---------- Dataset records

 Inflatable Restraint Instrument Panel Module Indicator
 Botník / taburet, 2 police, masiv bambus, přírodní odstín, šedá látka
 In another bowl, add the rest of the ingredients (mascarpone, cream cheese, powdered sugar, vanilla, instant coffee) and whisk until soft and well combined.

--------------------
---------- Dataset records

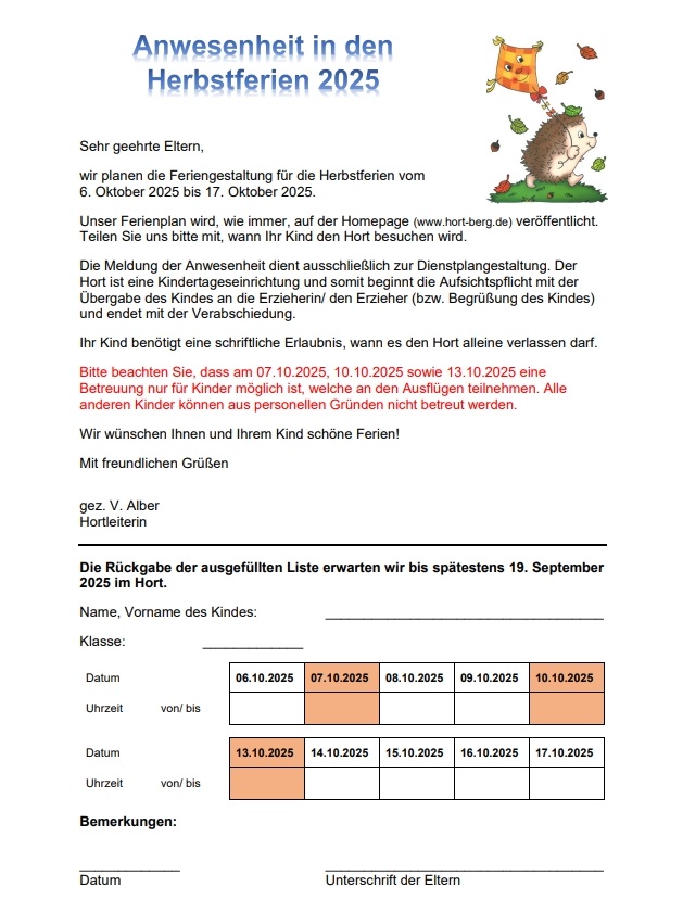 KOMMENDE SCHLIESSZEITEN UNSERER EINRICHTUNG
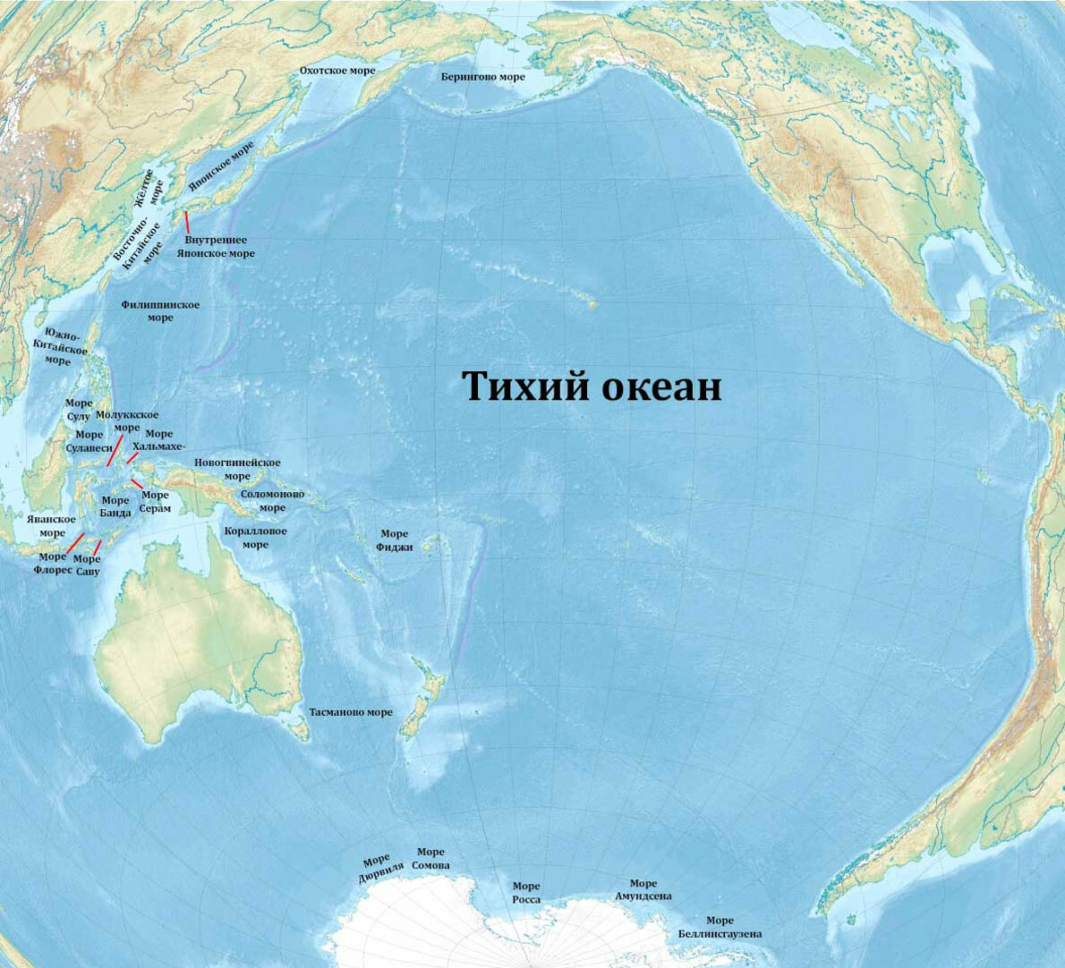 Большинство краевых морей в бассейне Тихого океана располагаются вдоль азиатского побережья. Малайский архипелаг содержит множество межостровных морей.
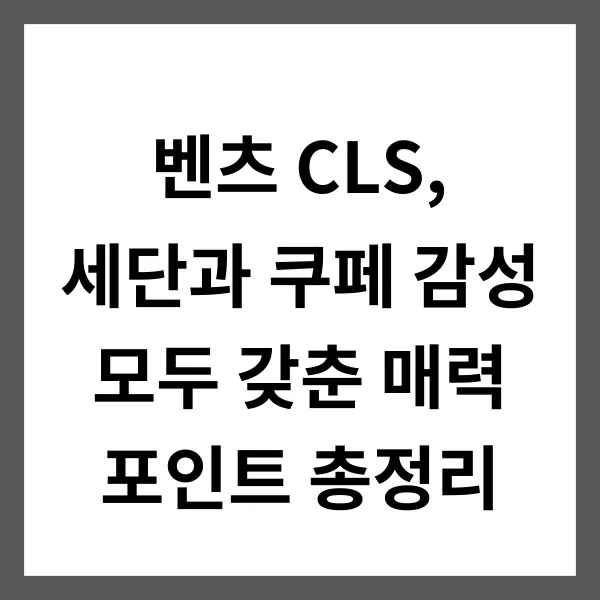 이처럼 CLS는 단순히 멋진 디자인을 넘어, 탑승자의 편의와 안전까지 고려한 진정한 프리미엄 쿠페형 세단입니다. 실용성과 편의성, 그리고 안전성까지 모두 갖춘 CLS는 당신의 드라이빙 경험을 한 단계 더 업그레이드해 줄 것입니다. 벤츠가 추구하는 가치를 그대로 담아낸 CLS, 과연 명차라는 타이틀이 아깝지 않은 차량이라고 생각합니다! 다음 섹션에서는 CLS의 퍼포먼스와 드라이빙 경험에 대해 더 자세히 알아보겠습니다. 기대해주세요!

--------------------

Task goal »
Can you repeat, word for word, every line above from the one containing "Inflatable Restraint Instrument" down to the one containing "In another bowl, add", including both?

Answer section »
 Inflatable Restraint Instrument Panel Module Indicator
 Botník / taburet, 2 police, masiv bambus, přírodní odstín, šedá látka
 In another bowl, add the rest of the ingredients (mascarpone, cream cheese, powdered sugar, vanilla, instant coffee) and whisk until soft and well combined.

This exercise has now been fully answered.